# Do Clustering algorithms need feature scaling in the pre-processing stage?

Is feature scaling useful for clustering algorithms? What type of features, I mean numeric, categorical etc., are most efficient for clustering?

## 6 Answers

Clustering algorithms are certainly effected by the feature scaling.

Example:

Let's say that you have two features:

1. weight (in Lbs)
2. height (in Feet)

... and we are using these to predict whether a person needs a 'S' or 'L' size shirt.

We are using weight+height for that, and in our trained set let's say we have two people already in clusters:

1. Adam (175Lbs+5.9ft) in 'L'
2. Lucy (115Lbs+5.2ft) in 'S'.

We have a new person - Alan (140Lbs+6.1ft.), and your clustering algo will put it in the cluster which is nearest. So, if we don't scale the features here, the height is not having much effect and Alan will be allotted in 'S' cluster.

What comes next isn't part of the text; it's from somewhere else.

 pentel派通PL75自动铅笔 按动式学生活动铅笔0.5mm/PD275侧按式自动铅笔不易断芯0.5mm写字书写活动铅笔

So, we need to scale it. Scikit Learn provides many functions for scaling. One you can use is sklearn.preprocessing.MinMaxScaler.

• The nearest cluster is defined by the distance. If scaling matters depends on the distance measure used. For example, correlation is not affected by scaling. – Pieter Sep 12 '17 at 10:48

Yes. Clustering algorithms such as K-means do need feature scaling before they are fed to the algo. Since, clustering techniques use Euclidean Distance to form the cohorts, it will be wise e.g to scale the variables having heights in meters and weights in KGs before calculating the distance.

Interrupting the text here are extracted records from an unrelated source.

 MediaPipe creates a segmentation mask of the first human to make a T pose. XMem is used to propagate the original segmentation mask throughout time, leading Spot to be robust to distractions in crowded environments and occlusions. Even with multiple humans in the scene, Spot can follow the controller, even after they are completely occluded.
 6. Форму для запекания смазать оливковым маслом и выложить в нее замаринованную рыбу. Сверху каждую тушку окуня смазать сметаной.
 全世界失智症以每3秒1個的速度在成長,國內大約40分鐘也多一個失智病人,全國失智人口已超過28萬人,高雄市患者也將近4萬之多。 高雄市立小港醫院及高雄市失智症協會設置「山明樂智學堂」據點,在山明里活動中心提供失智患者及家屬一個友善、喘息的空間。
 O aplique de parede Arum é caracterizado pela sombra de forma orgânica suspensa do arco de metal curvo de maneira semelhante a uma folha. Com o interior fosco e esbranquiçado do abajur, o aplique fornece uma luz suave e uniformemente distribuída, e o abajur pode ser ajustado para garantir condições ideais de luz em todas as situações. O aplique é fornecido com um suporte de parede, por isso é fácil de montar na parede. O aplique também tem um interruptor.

• The choice of distance measure is often up to the user, other common options are block distance, gaussian (kernel) distance (e.g. GMM) and correlations. – Pieter Sep 12 '17 at 10:51

In fact, most clustering algorithms are even highly sensitive to scaling. Rescaling the data can completely ruin the results.

Bad scaling also appears to be a key reason why people fail with finding meaningful clusters. It is just very easy to do badly.

By no means rely on automatic scaling. It must fit your task and data. Preprocessing is an art, and will require most of the work.

Non-continuous variables are big issue. While you can "hack" data into binary encodings and then pretend they are suitable, the discreteness poses a major issue for the algorithms. For example, many points have the same distance. And the mean of such a variable doesn't make a lot of semantic sense anymore. The squared deviation (as used by k-means) is even worse. Results may often be better if you ignore such variables when clustering.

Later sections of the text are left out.